In my fifth book [made of short stories], one of the stories features a reverse werewolf [wolf for 27 days of the month, human for three when the moon is full].


----------



## DragonOfTheAerie (Nov 22, 2017)

TheCrystallineEntity said:


> In my second book, there is mention of a race of dragons that live underground.
> In my fifth book [made of short stories], one of the stories features a reverse werewolf [wolf for 27 days of the month, human for three when the moon is full].



Haha! Reverse werewolf...I love that.


----------



## TheCrystallineEntity (Nov 22, 2017)

^He uses the opportunity when in human form to find a hidden village populated by other weird or magical creatures/beings.


----------



## shangrila (Nov 26, 2017)

I have feathered dragons in one of my WIP. They're also titanic creatures, the size of small mountains.

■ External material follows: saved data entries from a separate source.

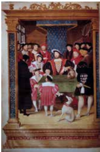
LE ROI ET SA COUR Miniature de Jean Clouet, 1534.

OBJECTIF Découvrir les moyens utilisés par François I er pour renforcer son autorité.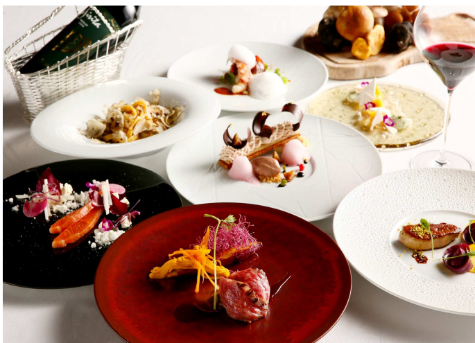
「The Delicacies」ディナーコースイメージ

「ヘルシー」「ビューティー」「フレッシュ」のコンセプトのもと、新鮮な野菜やオリーブオイルをたっぷり使って優しい味に仕上げたニューヨークスタイルのヘルシーイタリアンダイニング。秋の味覚のキノコやお野菜、果物をふんだんに使用し、オマール海老やフォアグラ、和牛サーロインなどの高級食材のメニューもセレクトワインとともに楽しみいただけます。時間帯ごとに表情が変わるスタイリッシュな店内で提供する秋のヘルシーイタリアンは、フルコース“プリフィックススタイル”や“ライブメランジェサラダ・オードブル・スープ プuffe&プリフィックスコース”など、多彩なスタイルでランチ・ディナーともにご用意。また、ラウンジBarスペースでは、アンティパストとお酒をお楽しみいただけ、大人のご褒美パフェも販売いたします。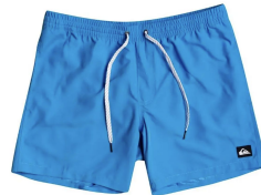
Bade-Shorts ca. CHF 25.-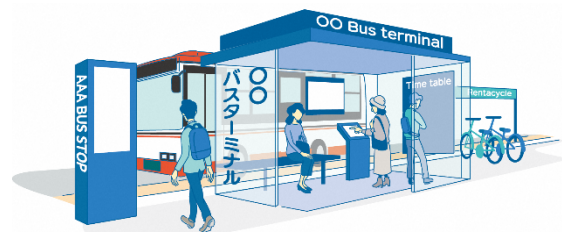
図：交通結節点の整備イメージ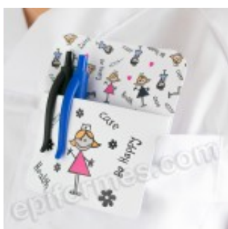
Salvabolsillos en pvc care 4.00€ (IVA no incluido)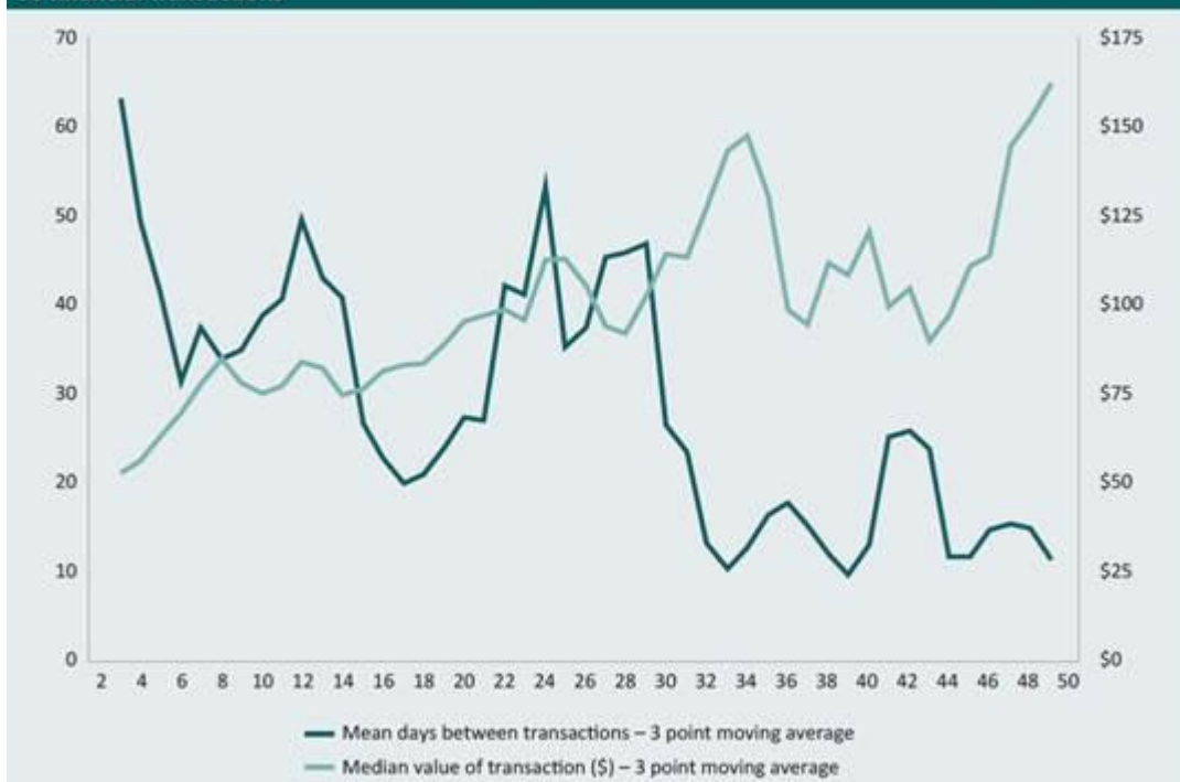
Figure 4: Mean number of days between CSA live stream transactions and median value of first 50 financial transactions

Under følger et eksempel på chat som illustrerer hvordan selger forteller om en hendelse i hverdagen, i dette tilfelle en syk onkel som har kommet på sykehus. Selger ønsker at kjøper skal sende penger for å betale for sykehusoppholdet. I chatten fremkommer det at kjøper og selger kjenner hverandre, da kjøper allerede har fått informasjon om at onkelen er på sykehus via en annen person.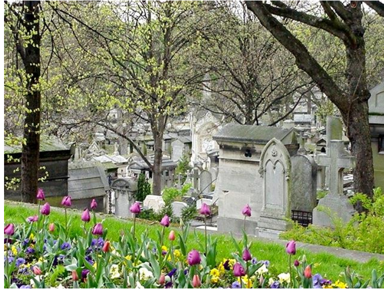
Şekil 4. Pere Lachaise Mezarlığı / Paris

süslenmiş, sanat eserlerinin ve heykellerin yer aldığı mezarlık bir açık hava müzesi havası yaratmaktadır (Şekil 4).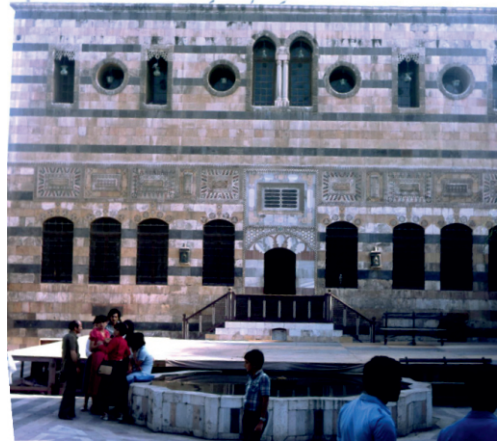
El-Azm Sarayı (1980)

Saray, üç yıl içinde 800 işçi tarafından inşa edilmiş ve bina, incelikli ve pahalı dekoratif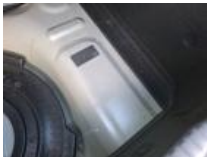
Compresseur, Manque, Réparer/rempl. (montant forfaitaire)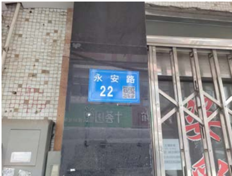
长寿永安路 22 号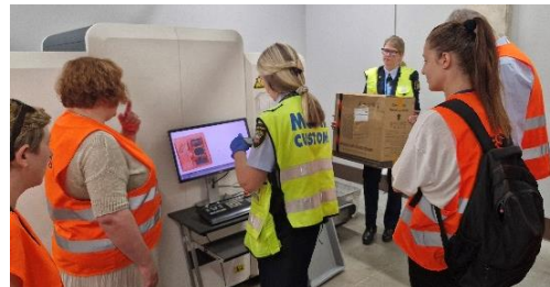
Фигура 1 Митнически проверки при взаимното посещение в Латвия

Финансирано от Европейския съюз. Изразените възгледи и мнения обаче са само на автора(ите) и не отразяват непременно тези на Европейския съюз или Европейския съвет за иновации и Изпълнителната агенция за МСП (EISMEA). Нито Европейският съюз, нито предоставящият орган могат да носят отговорност за тях.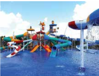
1. Águas Selvagens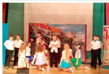
«Цветик - семицветик», 4А2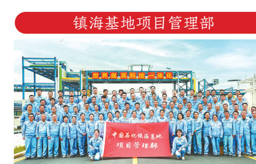
镇海基地项目管理部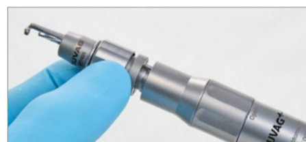
Riposizionare il duraprotector sul manipolo del craniotomo e stringere di nuovo l'anello di bloccaggio del duraprotector.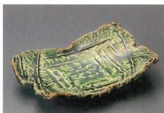
219-10-471 2,200円 0147219010 織部筋彫り長角皿 (20×13.5×4.5cm)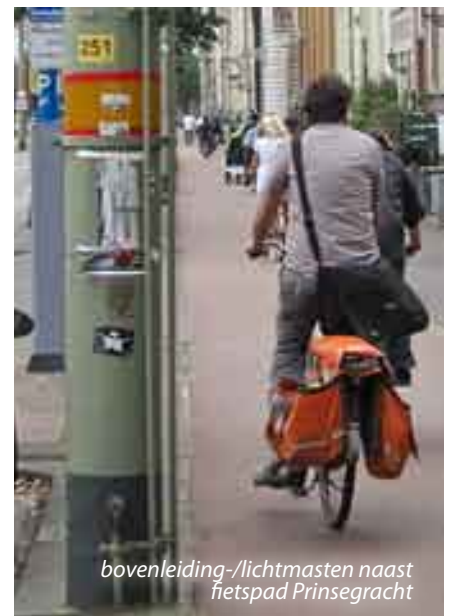
bovenleiding-/lichtmasten naast fietspad Prinsegracht

I also tried (and kind of failed) to come up with my own spin on vampires and werewolves. Both transformed; vampires into reptilian creatures and "werewolves" into something closer to a very large, very hairy gorilla. That was fine, more or less, but I wanted a third type to create a trifecta of sorts that I couldn't get to work. I even had a thread on here about it IIRC and while there were some good ideas (as always) nothing really stuck.


----------



## DragonOfTheAerie (Nov 26, 2017)

shangrila said:


> I have feathered dragons in one of my WIP. They're also titanic creatures, the size of small mountains.
> 
> I also tried (and kind of failed) to come up with my own spin on vampires and werewolves. Both transformed; vampires into reptilian creatures and "werewolves" into something closer to a very large, very hairy gorilla. That was fine, more or less, but I wanted a third type to create a trifecta of sorts that I couldn't get to work. I even had a thread on here about it IIRC and while there were some good ideas (as always) nothing really stuck.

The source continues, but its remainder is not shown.